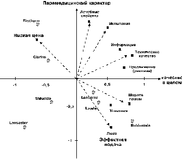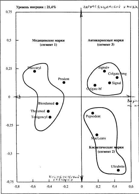 Рис. 6.5. Анализ рынка зубных паст в Бельгии. Обещание третьего сегмента более привлекательно, чем первого, поскольку акцент делается на более серьезный атрибут: предотвращение кариеса. Анализ данного типа позволяет исследователю рынка увидеть, как покупатели воспринимают различные марки, и убедиться в том, что избранное позиционирование действительно достигнуто. Эффективное позиционирование предусматривает проведение постоянных маркетинговых исследований покупательских предпочтений, мотивов совершения покупок, которые направлены на верный выбор аргументов позиционирования. Решение этой задачи также зависит от вида товара, типа целевой аудитории, положения товара в ряду конкурирующих и многих других факторов. При позиционировании используются те аргументы (преимущества), которые являются наиболее важными для потребителей. При определении позиции товара (услуги) на потребительском рынке, где число рассматриваемых аргументов может быть очень велико, маркетологи часто используют метод построения карт позиционирования, которые представляют собой матрицы, на полях которых представлены товары (услуги) конкурирующих предприятий. Достаточно подробную характеристику этого метода предлагают американские ученые R.E. Anderson, W.C. Black, J.F. Hair[40]. Они отмечают, что восприятие товаров и товарных марок потенциальными покупателями практически всегда основывается лишь на небольшом числе аргументов (атрибутов). Эти привилегированные атрибуты называют макрохарактеристиками или сокращенным набором атрибутов. Иллюстрирующая это утверждение карта восприятия (см. рис. 19) отражает восприятие со стороны женщин — потребителей торговых марок известных фирм, производящих косметические товары (Lancаster, Lauder, Lancome, Rubinstein, Biotherm, Clarins, Shiseido).
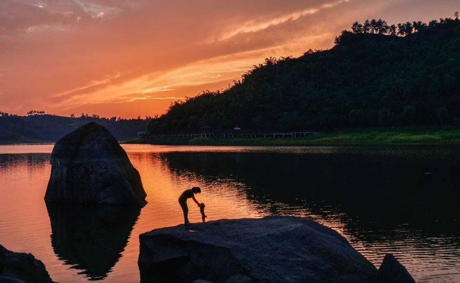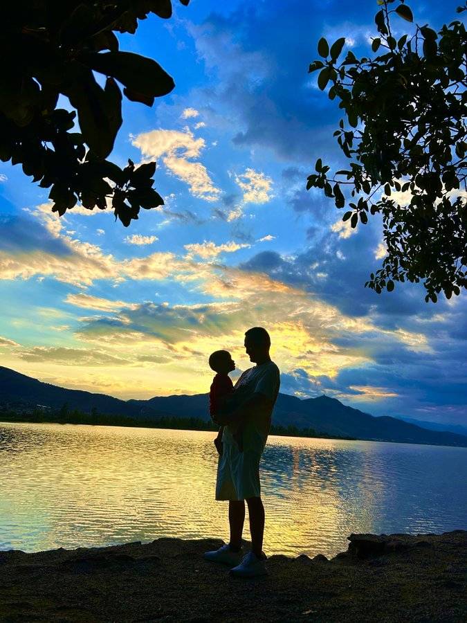 远处的山峦与湖面旁,夕阳下父子相依的温馨时刻。
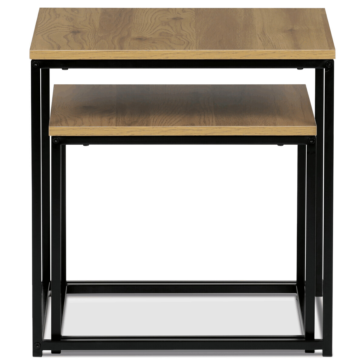 Sada 2 odkládacích stolků Autronic je mnohem víc než pouhé odkládací stolky - ztělesňuje harmonii praktičnosti, stylu a sofistikovanosti. Tyto stolky s dekorem divokého dubu, který zdobí jejich robustní povrch z materiálu MDF, poskytují vynikající kombinaci estetického potěšení a funkčnosti pro každé prostředí. Deska stolku dokresluje přírodní vibrace dekoru divokého dubu a dodá vašemu pokoji nebo kanceláři klidnou atmosféru. Inspirace designu Autronic vychází z motivů industriálního stylu. Stoly se pyšní černými kovovými nohami kruhového tvaru, které nejen zajišťují stabilitu, ale také přispívají k odvážnému a průkopnickému vizuálnímu dojmu ze soupravy. Deska čtvercového tvaru poskytuje velkorysý úložný prostor a zároveň vyzařuje moderní a špičkový vzhled. Investice do kusů nábytku Autronic je zárukou bezkonkurenční kvality a dlouhé životnosti. Ať už zařizujete firemní prostory, nebo zvelebujete svůj domov, tyto univerzální kousky od společnosti Autronic zaručeně skvěle uspokojí vaše potřeby.
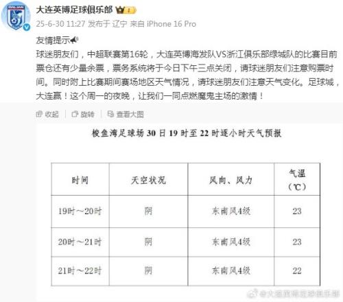 大连英博官博:对阵浙江队还有少量余票,票务系统下午三点关闭
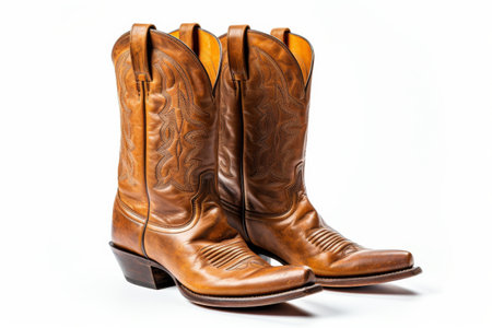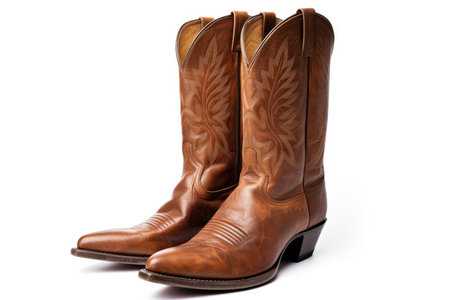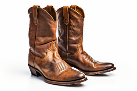 Brown Cowboy Boots isolated on white background with copy space for advertisement
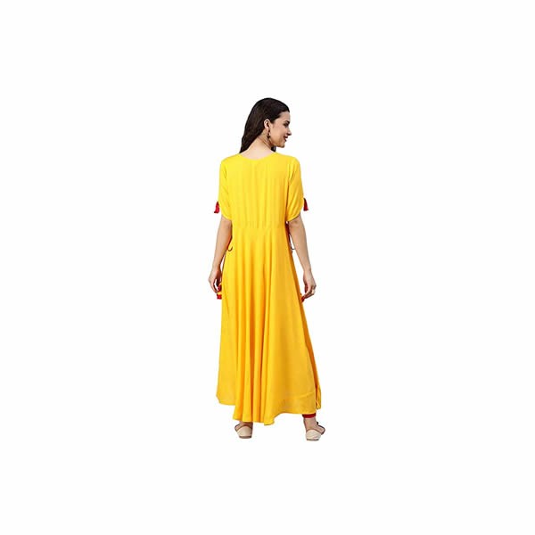 Women's Rayon Slub Embroidered Up-Down Kurta (Yellow)
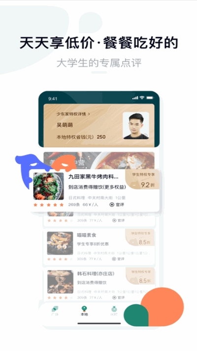 4.大学生还有专属本地特权生活,网罗校园周边各类商家,专属优惠天天享不停。
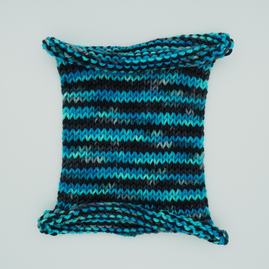 The yarn feels good in the hand and works up into a pleasing fabric. The colors are a heavenly treat for the eyes.
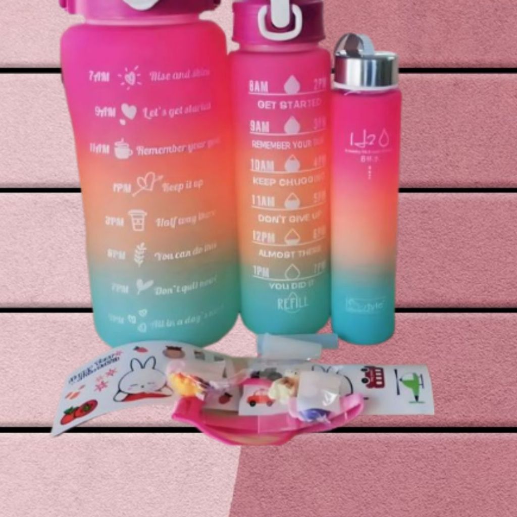 Kit 3 Garrafa De Água Squeeze Academia Com 2000ml 900ml E 300ml Portátil Adesivo CORES ALEATORIAS FSH

**Work instruction:**
Now repeat exactly the lines from the one with "Sada 2 odkládacích" through the end of the listing above, both included, omitting all pictures.

**Task response:**
 Sada 2 odkládacích stolků Autronic je mnohem víc než pouhé odkládací stolky - ztělesňuje harmonii praktičnosti, stylu a sofistikovanosti. Tyto stolky s dekorem divokého dubu, který zdobí jejich robustní povrch z materiálu MDF, poskytují vynikající kombinaci estetického potěšení a funkčnosti pro každé prostředí. Deska stolku dokresluje přírodní vibrace dekoru divokého dubu a dodá vašemu pokoji nebo kanceláři klidnou atmosféru. Inspirace designu Autronic vychází z motivů industriálního stylu. Stoly se pyšní černými kovovými nohami kruhového tvaru, které nejen zajišťují stabilitu, ale také přispívají k odvážnému a průkopnickému vizuálnímu dojmu ze soupravy. Deska čtvercového tvaru poskytuje velkorysý úložný prostor a zároveň vyzařuje moderní a špičkový vzhled. Investice do kusů nábytku Autronic je zárukou bezkonkurenční kvality a dlouhé životnosti. Ať už zařizujete firemní prostory, nebo zvelebujete svůj domov, tyto univerzální kousky od společnosti Autronic zaručeně skvěle uspokojí vaše potřeby.
 大连英博官博:对阵浙江队还有少量余票,票务系统下午三点关闭
 Brown Cowboy Boots isolated on white background with copy space for advertisement
 Women's Rayon Slub Embroidered Up-Down Kurta (Yellow)
 4.大学生还有专属本地特权生活,网罗校园周边各类商家,专属优惠天天享不停。
 The yarn feels good in the hand and works up into a pleasing fabric. The colors are a heavenly treat for the eyes.
 Kit 3 Garrafa De Água Squeeze Academia Com 2000ml 900ml E 300ml Portátil Adesivo CORES ALEATORIAS FSH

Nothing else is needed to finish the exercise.